## [Task to complete]
Set out exactly, line by line, the stretch of data below that begins at the line containing "Protect your RV" and ends at the line containing "This black and", with both ends kept.

Top of Data to examine

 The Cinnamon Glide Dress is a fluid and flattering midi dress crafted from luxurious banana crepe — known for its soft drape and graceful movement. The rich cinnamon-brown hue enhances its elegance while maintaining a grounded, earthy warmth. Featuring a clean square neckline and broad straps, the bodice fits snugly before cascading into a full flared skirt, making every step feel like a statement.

Bottom of Data to examine
Top of Data to examine

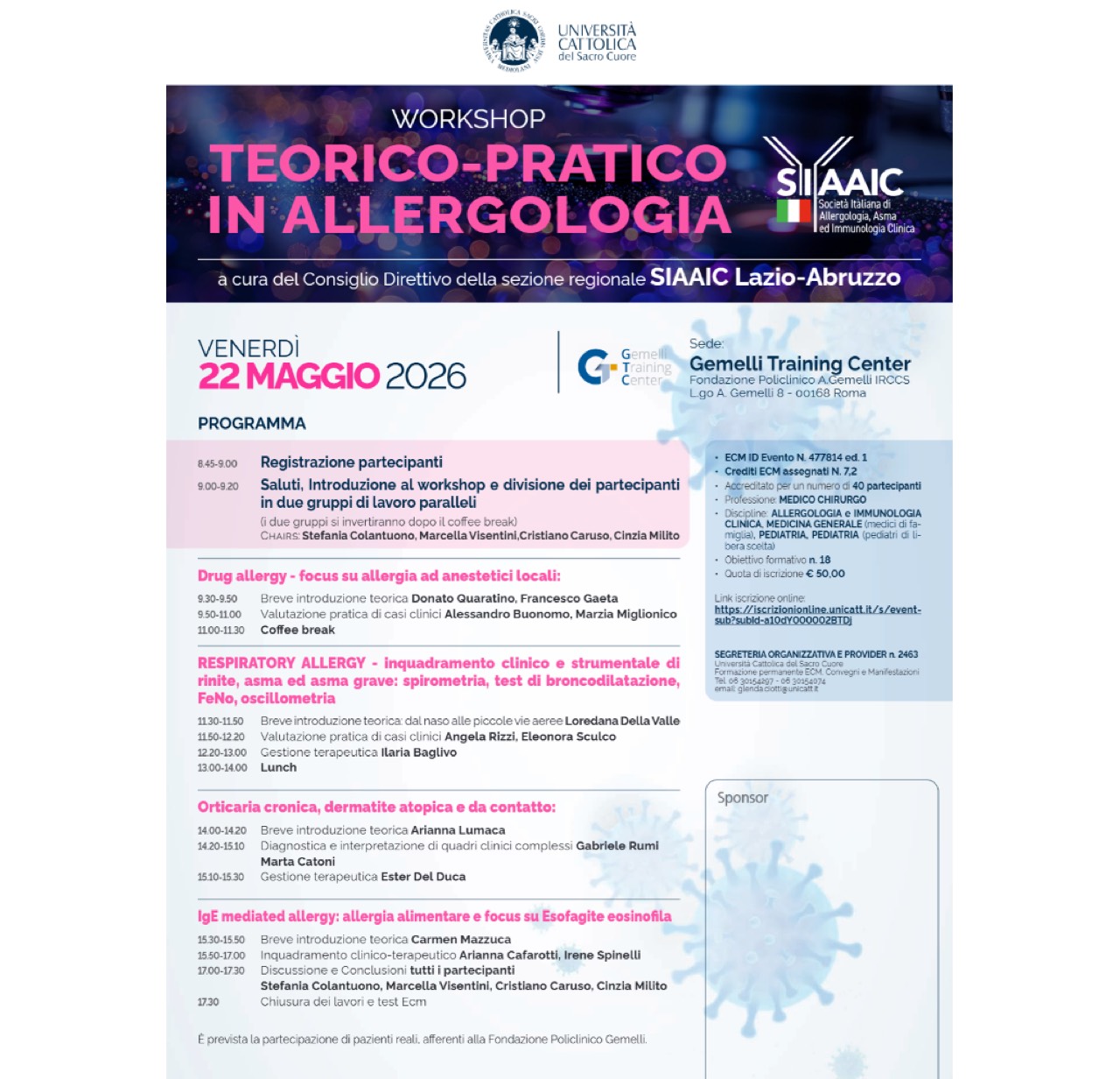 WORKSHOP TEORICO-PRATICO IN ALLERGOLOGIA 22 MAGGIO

Bottom of Data to examine
Top of Data to examine

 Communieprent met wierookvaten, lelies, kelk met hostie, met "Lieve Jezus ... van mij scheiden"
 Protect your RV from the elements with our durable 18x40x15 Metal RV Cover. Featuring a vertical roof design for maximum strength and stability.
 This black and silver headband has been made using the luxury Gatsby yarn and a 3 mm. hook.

Bottom of Data to examine

## [Written answer]
 Protect your RV from the elements with our durable 18x40x15 Metal RV Cover. Featuring a vertical roof design for maximum strength and stability.
 This black and silver headband has been made using the luxury Gatsby yarn and a 3 mm. hook.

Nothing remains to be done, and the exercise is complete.